══ RECORDS PROVIDED ══

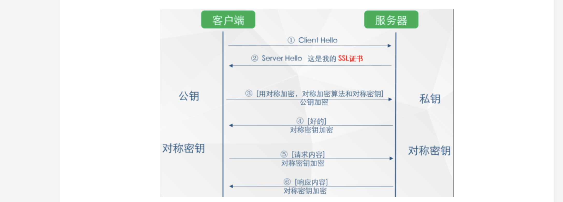私钥解密,提取出对称加密算法和对称密钥,这时客户端和服务器端都有了对称密钥 - 从第4步开始,双方都使用
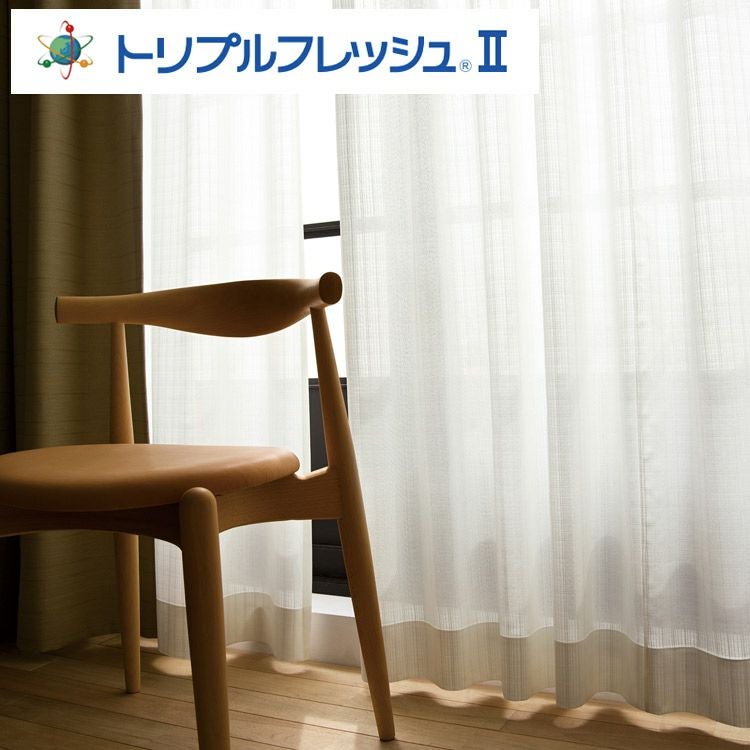 消臭加工技術「トリプルフレッシュII」を施した防炎シアーレースカーテンです。
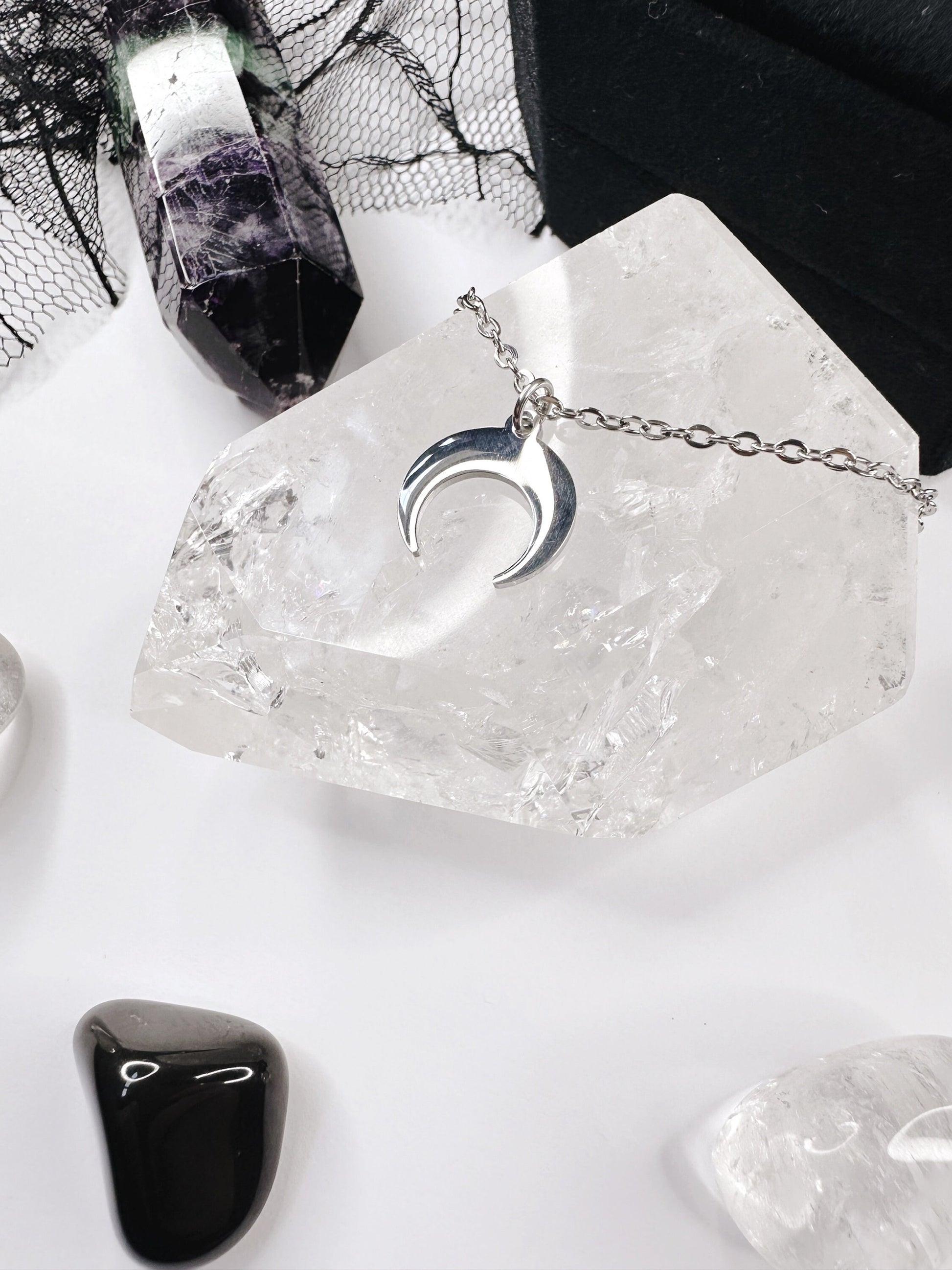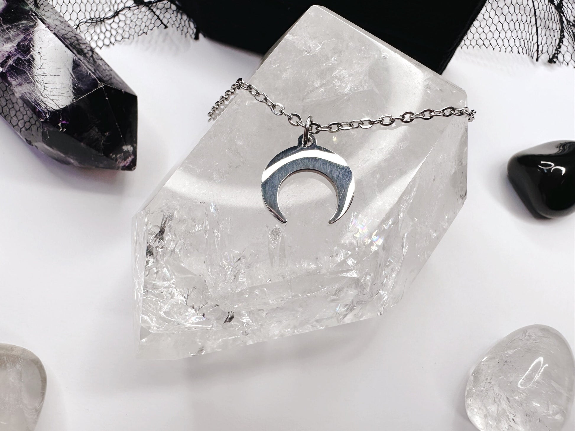 On A Stainless Steel Chain, Suspends An Absolutely Stunning Stainless Steel Crescent Moon
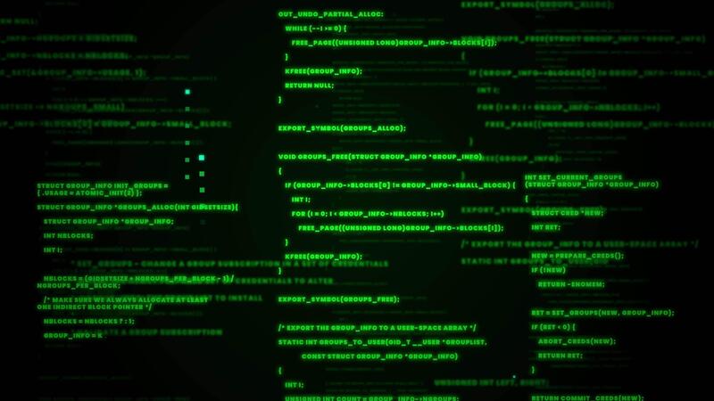 Looping Digital Binary Code and Data Flowing on a Screen with Glitch Effect. Pro Video
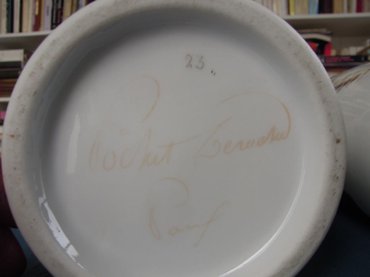 Deux POTS À PHARMACIE en porcelaine blanche à décor à l'avers de médaillons dorés et de nud violacés et marqués : "ONG. D'ARC." et "ONG. NAPOL:". Étiquette noire et or au revers du deuxième. Signés "Pochet Lerochat Paul" et numérotés "23" et 17".
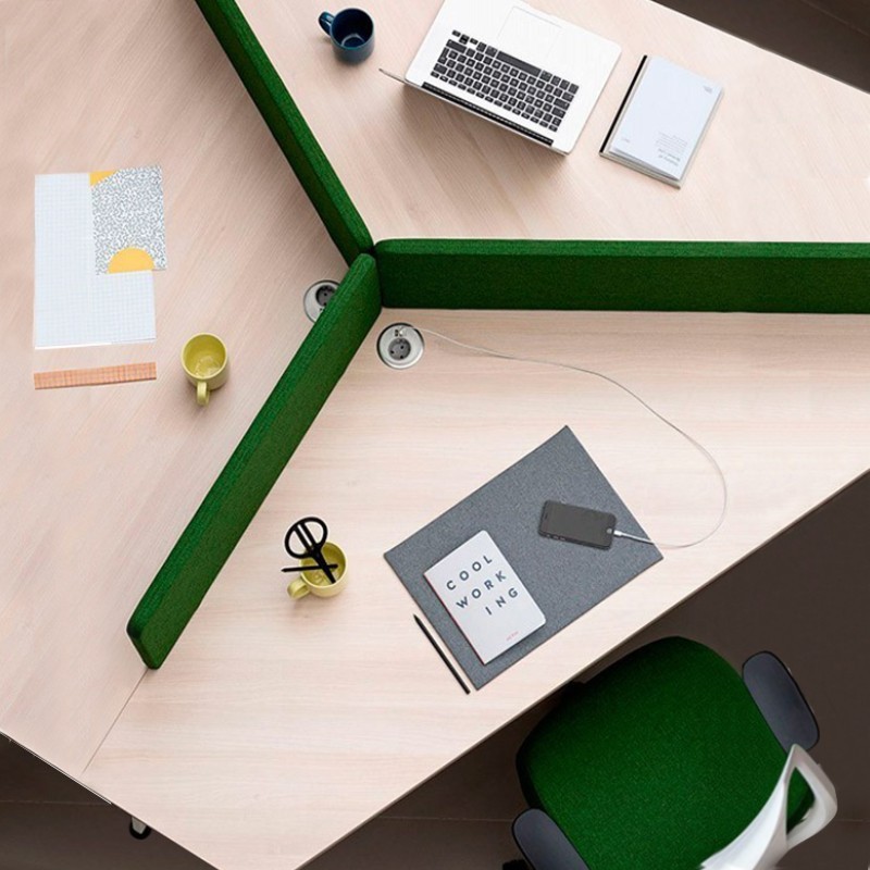 Twist Gen 100 incluye 3 pasacables circulares de color blanco, uno por cada puesto, y la opción de añadir 3 divisorias centrales tapizadas en tela, con la posibilidad de elegir su tapizado entre una amplia gama.

═══

(TASK GOAL):
Leave out the pictures and repeat everything else in the records exactly.

(SOLUTION TO THIS PROBLEM):
私钥解密,提取出对称加密算法和对称密钥,这时客户端和服务器端都有了对称密钥 - 从第4步开始,双方都使用
 消臭加工技術「トリプルフレッシュII」を施した防炎シアーレースカーテンです。
 On A Stainless Steel Chain, Suspends An Absolutely Stunning Stainless Steel Crescent Moon
 Looping Digital Binary Code and Data Flowing on a Screen with Glitch Effect. Pro Video
 Deux POTS À PHARMACIE en porcelaine blanche à décor à l'avers de médaillons dorés et de nud violacés et marqués : "ONG. D'ARC." et "ONG. NAPOL:". Étiquette noire et or au revers du deuxième. Signés "Pochet Lerochat Paul" et numérotés "23" et 17".
 Twist Gen 100 incluye 3 pasacables circulares de color blanco, uno por cada puesto, y la opción de añadir 3 divisorias centrales tapizadas en tela, con la posibilidad de elegir su tapizado entre una amplia gama.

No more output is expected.